Oxygen sucking asteroids could be making a permanent alteration to the Earth’s atmosphere

Oxygen sucking asteroids

Oxygen sucking asteroids

Oxygen sucking asteroids: Permanent alteration to the Earth's atmosphere

New research reveals that oxygen-sucking asteroids that hit the Earth have changed the Earth’s chemical composition. While this occurred about four billion years ago, here’s how it changes things.

How did the oxygen-sucking asteroids affect Earth?

About four billion years ago, few oxygen-sucking asteroids used our planet as a punching bad. According to this new study published in Nature Geoscience, this may have sucked the Earth’s oxygen from the atmosphere. ”Current bombardment models underestimate the number of late Archean spherule layers. This suggests the impactor flux at that time was up to 10 times higher than previously thought,” said Simone Marchi, a planetary geoscientist.

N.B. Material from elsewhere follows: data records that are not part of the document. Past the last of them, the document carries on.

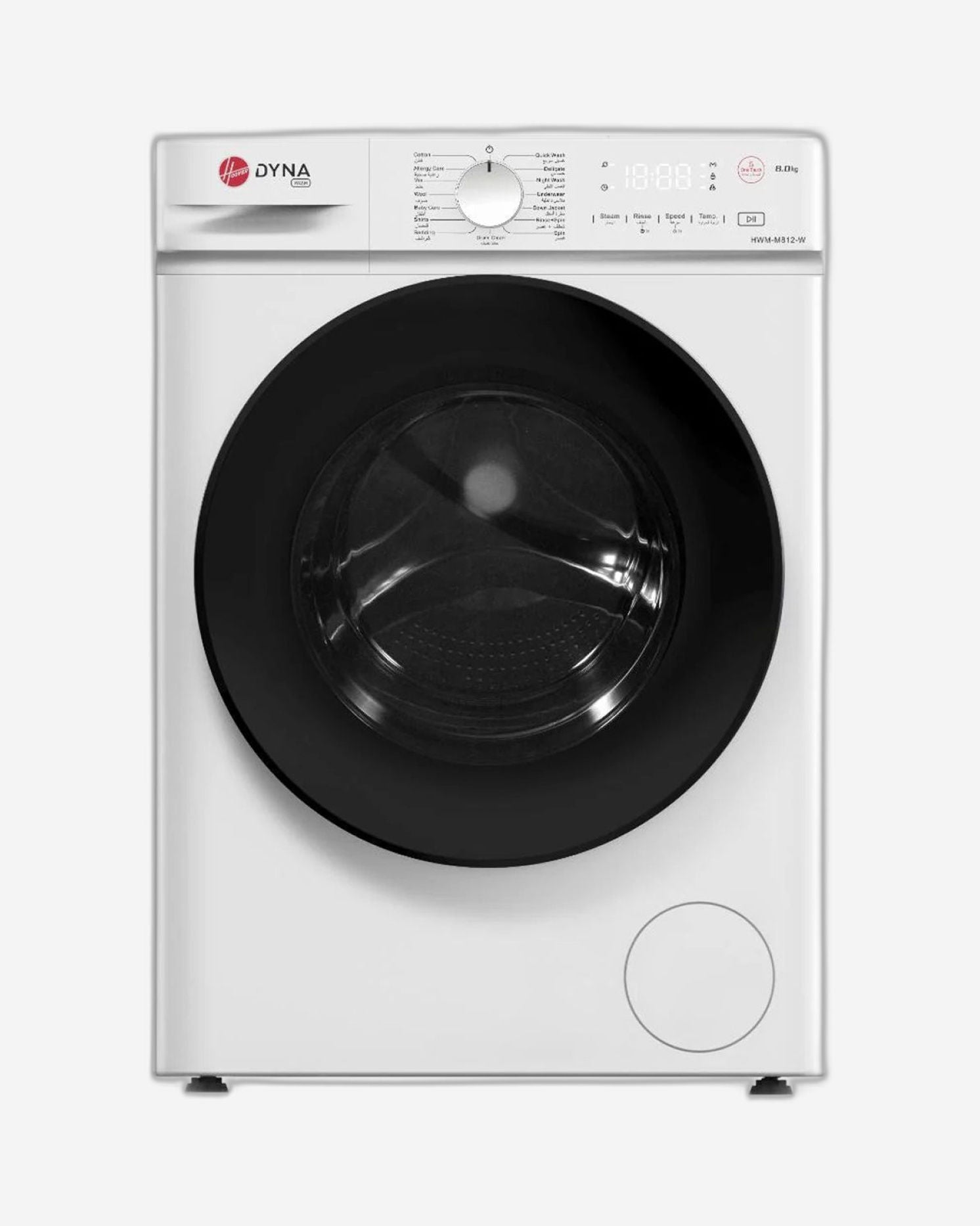 غسالة هوفر ٨ كجم تحميل أمامي، محرك عاكس، ١٢٠٠ دورة في الدقيقة، ١٥ برنامج، مقبض ولوحة تحكم تعمل باللمس، ضمان لمدة عام من الشركة المصنعة و١٠ سنوات على محرك العاكس، أبيض - HWM-M812-W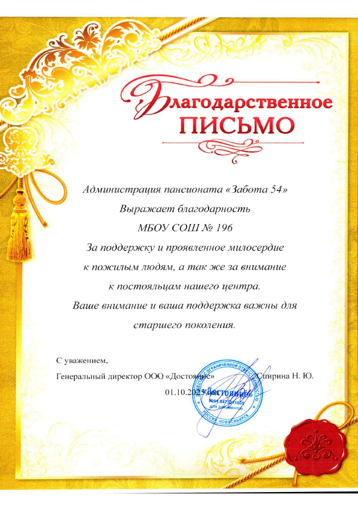 В ноября 2021 г. учащиеся МБОУ СОШ № 196 под руководством педагогов-организаторов Безменовой Е.В. и Гаряевой М.С. заняли 1 место в номинации «Национальная кухня» открытого молодежного онлайн-фестиваля национальных культур.
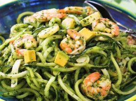 - Place the marinated shrimp on the grill and turn periodically. Once cooked through, cut each shrimp into thirds on the bias and transfer to a mixing bowl. Add the avocado and arugula leaves and toss with the Heirloom Tomato Vinaigrette. Season to taste with salt and pepper.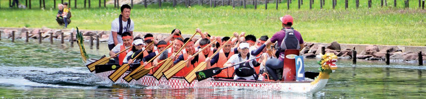 旧中川の春の風物詩「ドラゴンボートレース」(200メートル)に参加しませんか。20人乗りのボートにドラゴンの頭と尾が装飾された「ドラゴンボート」をチームで協力してこぎ、タイムを競います。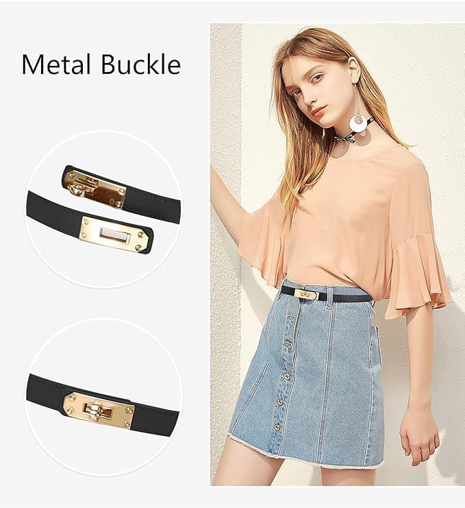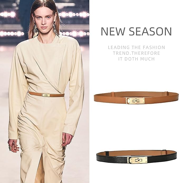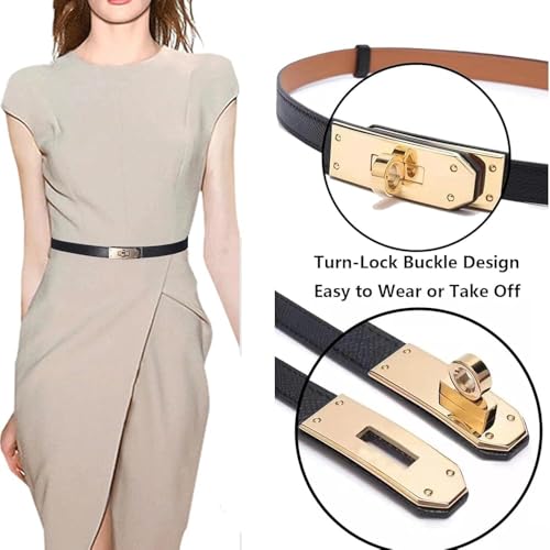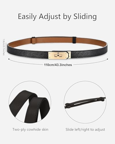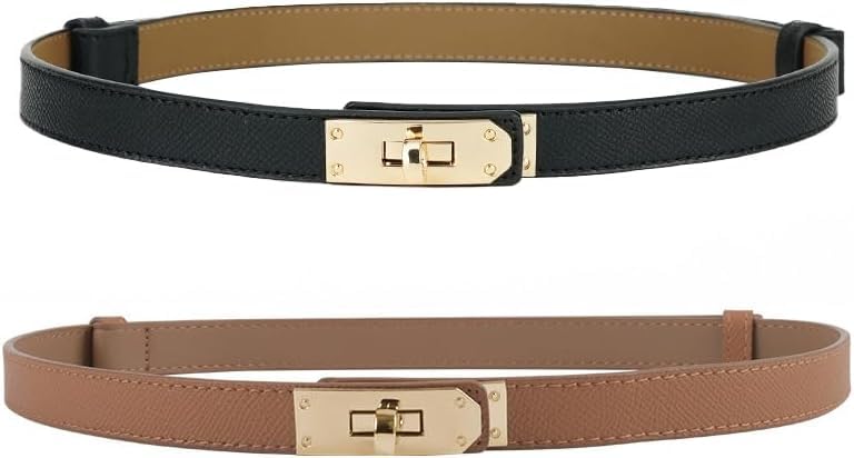 GQ - جي كيو حزام خصر جلدي رفيع للنساء من قطعتين، عصري مع ابزيم قابل للتعديل بقفل دوار - مثالي للفساتين والجينز والبناطيل والمعاطف (اسود + بني)

When large objects such as asteroids hit Earth at an early age, the energy that is released melts and vaporizes rocky materials on the crust. These small molten drops of rocks condense and solidify before they fall back to Earth. this creates small size particles that are round and distributed globally. Additionally, they are glassy and impact the Earth’s crust, and can be anywhere between 2.4 to 3.5 billion years old. They are markers of ancient collisions.

More on the Earth’s atmosphere

”In recent years, a number of new spherule layers have been identified in drill cores and outcrops, increasing the total number of known impact events during the early Earth,” said Dr. Nadja Drabon. Dr. Drabon is the co-author of the study and a professor at Harvard University. The study also revealed that due to the balance of removal process and production, the earth’s atmosphere has excess oxygen.

The new study correlates with a geological record that shows variation in the atmosphere. Additionally, impacts by an asteroid larger than six miles can lead to oxygen scarcity. Additionally, this can also explain the limited oxygen in the early atmosphere of the earth. Moreover, chemical variation due to impact vapors can further add to it.